Mister_Tad 13th December 2005, 11:55 Quote
Dothan = P-M != P4-M
Bindibadgi 13th December 2005, 11:57 Quote
edit: Nope, it's pentium 4, mobile

http://www.beblu.net/products/

edit: Ahh no, I gettit now. I was confused because i thought P4-Ms ran at near/full P4 speeds, but to make a P4 "mobile" you have to clock it and it's voltage down. The 915GM will only support a 533bus too.

So it's a full 6xx series P4 processor with 2meg cache, but runs on a 533bus and at reduced voltage at 1.8GHz.
felix the cat 13th December 2005, 11:59 Quote
does that mean the P4M is strictly a mobile chip?

...apologises for the offtopic conversation....
herbs 13th December 2005, 12:06 Quote
The article states there are no dual digital tuners, well this is not strictly true if you live in australia there a few already shipping DVICO FusionHDTV DVB-T Dual and http://www.digitalnow.com.au/product_pages/twindvbt.html but demand is great also you could go for usb options if you want more than one tuner.
Bindibadgi 13th December 2005, 12:10 Quote
Just been discussing it with Wil, and he was previously informed from their site (as you can see from the link I posted, they are using the Pentium 4-M Intel pic) that it was a Pentium 4-M, but just talking to them now they have confirmed that it IS a Pentium M (as in Centrino, as in nothing to do with Pentium 4).
Shadowed_fury 13th December 2005, 12:13 Quote
What a nice looking pc :)
felix the cat 13th December 2005, 12:21 Quote
Quote:
Originally Posted by Bindibadgi
Just been discussing it with Wil, and he was previously informed from their site (as you can see from the link I posted, they are using the Pentium 4-M Intel pic) that it was a Pentium 4-M, but just talking to them now they have confirmed that it IS a Pentium M (as in Centrino, as in nothing to do with Pentium 4).

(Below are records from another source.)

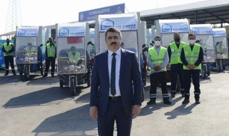 Atıkların geri dönüşümü konusunda birçok yeniliğe imza attıklarını belirten Yıldırım Belediye Başkanı Oktay Yılmaz, “Yıldırım Belediyesi olarak sıfır atık noktasında kalıcı adımlar atıyoruz. Yıldırım’da atık dönüşümde bir ilk olan ‘Yıldırım Atık Dönüşüm Timi’ uygulaması ile ‘çek çek’ diye tabir edilen el arabaları ile atık toplanmasının önüne geçiyoruz. Bu iş ile geçimini sağlayan vatandaşlarımızı da ‘Yıldırım Atık Dönüşüm Timi’ bünyesine alıyoruz. Böylelikle bu hemşehrilerimize araç temin ediyor ve sosyal güvenceli istihdam imkânı sağlamış oluyoruz. Elektrikli atık toplama araçlarımızdaki GPS sistemi ile de araçların takibini yapıyoruz. ‘Yıldırım Atık Dönüşüm Timi’ ile bu işe bir standart getirdiğimiz uygulama sonucunda hem çalışanların hem de vatandaşlarımızın yüzü gülüyor. Yıldırım’da atıklar güvenli bir ortamda dönüşüyor. Belediyemiz kontrolündeki Atık Dönüşüm Timi ile her sokaktayız, Yıldırım’ın hizmetindeyiz” dedi.
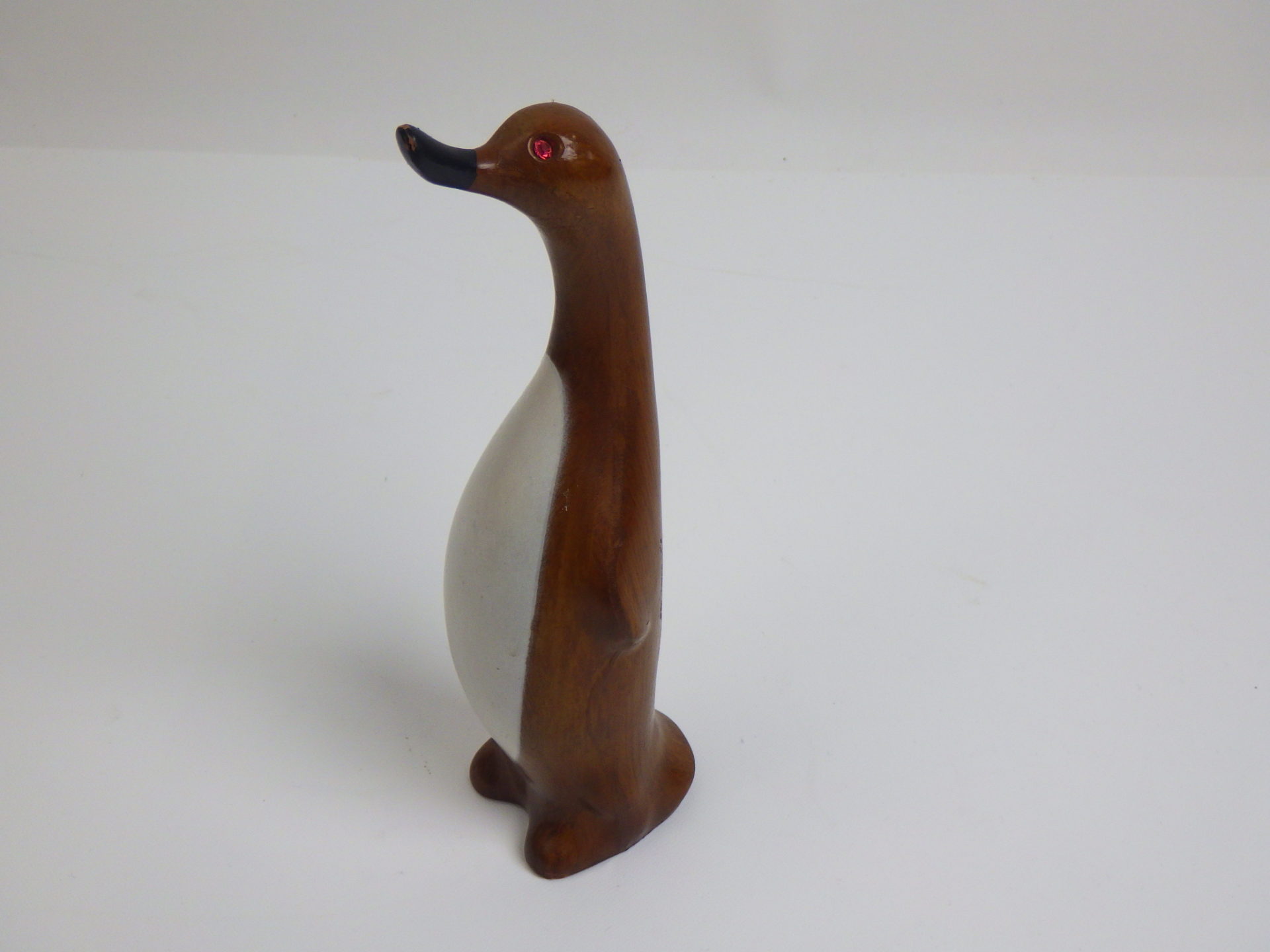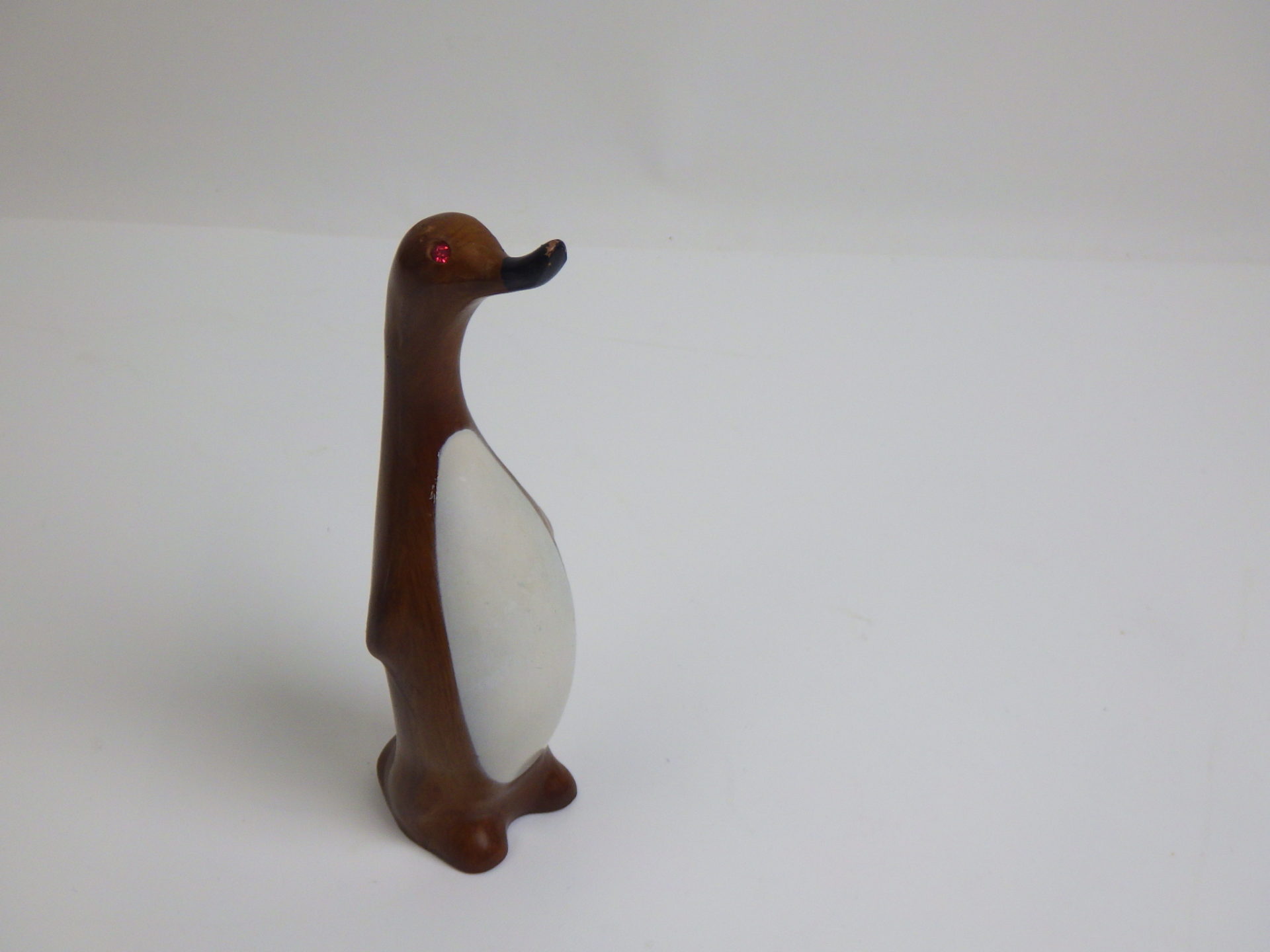 | 佇まいがとても可愛いペンギンの置物です。 一見、木のように見えますが、プラスチック製になります。 ピンクに輝く愛くるしい目が良いですね。 |
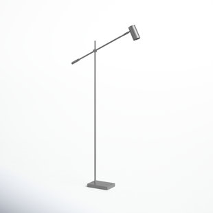 With a scaled-back silhouette and clean lines, this floor lamp layers a sleek look with nods to mid-century design into your space. Crafted from metal in an all over black finish, it features a circular disc foot with a high, angled arm and body that ends in a low-profile cone shade. The shade directs the light of the 40W bulb (not included) downward, making this lamp ideal for brightening a reading nook or sofa. It's powered by a foot switch, and has a low-impact footprint that's easy to angle throughout your space.
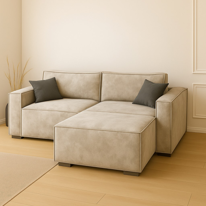 Размеры модели: длина — 240 см, глубина — 105 см, высота по спинке — 80 см, длина оттоманки — 210 см.
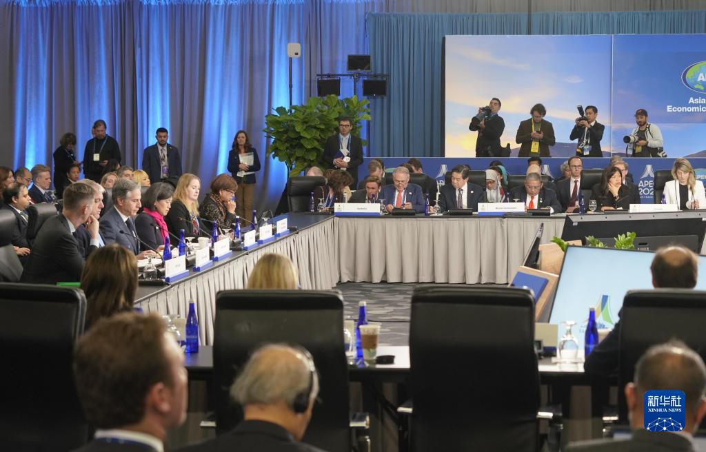 這是11月14日在美國舊金山拍攝的亞太經(jīng)合組織部長(cháng)級會(huì )議現場(chǎng)。
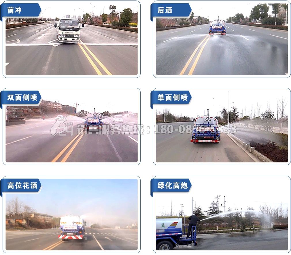 灑水車具有沖洗路面,澆灌園林,工地除塵,運水、排水,應急消防等功能。其標配為前沖、后灑和側噴,采用自吸式專用水泵,泵可抽水排水,帶消防接頭、自流閥、罐體后帶工作平臺,安裝綠化灑水炮,炮可旋轉可調節(jié)水量大小(噴射呈柱、霧、毛毛雨)。?可加裝30米到60米霧炮,加裝護欄清洗刷,除雪鏟,自動電子水炮,打藥機,保溫裝置等。

...Shame, no 2mb Cache then right??...well would have been a bit of an overkill really tbh... :|
Bindibadgi 13th December 2005, 12:25 Quote
Quote:
Originally Posted by felix the cat
...Shame, no 2mb Cache then right??...well would have been a bit of an overkill really tbh... :|

Yea, 2meg Cache Pentium M Dothan. 533MHz FSB, 1.8GHz, Mobile "Centrino" chipset etc.
felix the cat 13th December 2005, 12:27 Quote
ah...so confusing...well, should go and read up about the P4M product I guess...I thought the Dothans were the most expensive of the "mobile" processors??
WilHarris 13th December 2005, 12:36 Quote
General crazyness! Updated the article to reflect the fact it's a Pentium M, not a Pentium 4 mobile chip.
Beavy 13th December 2005, 12:49 Quote
It looks great, but is the cost worth it? surely you can put together something very similar for alot less, and if you are handy with a dremel make it look even better...
Nature 13th December 2005, 13:06 Quote
Quote:
Originally Posted by mrhaz
General crazyness! Updated the article to reflect the fact it's a Pentium M, not a Pentium 4 mobile chip.

A fact.


Review:

"For now, why not head over to beblu and check out your options?"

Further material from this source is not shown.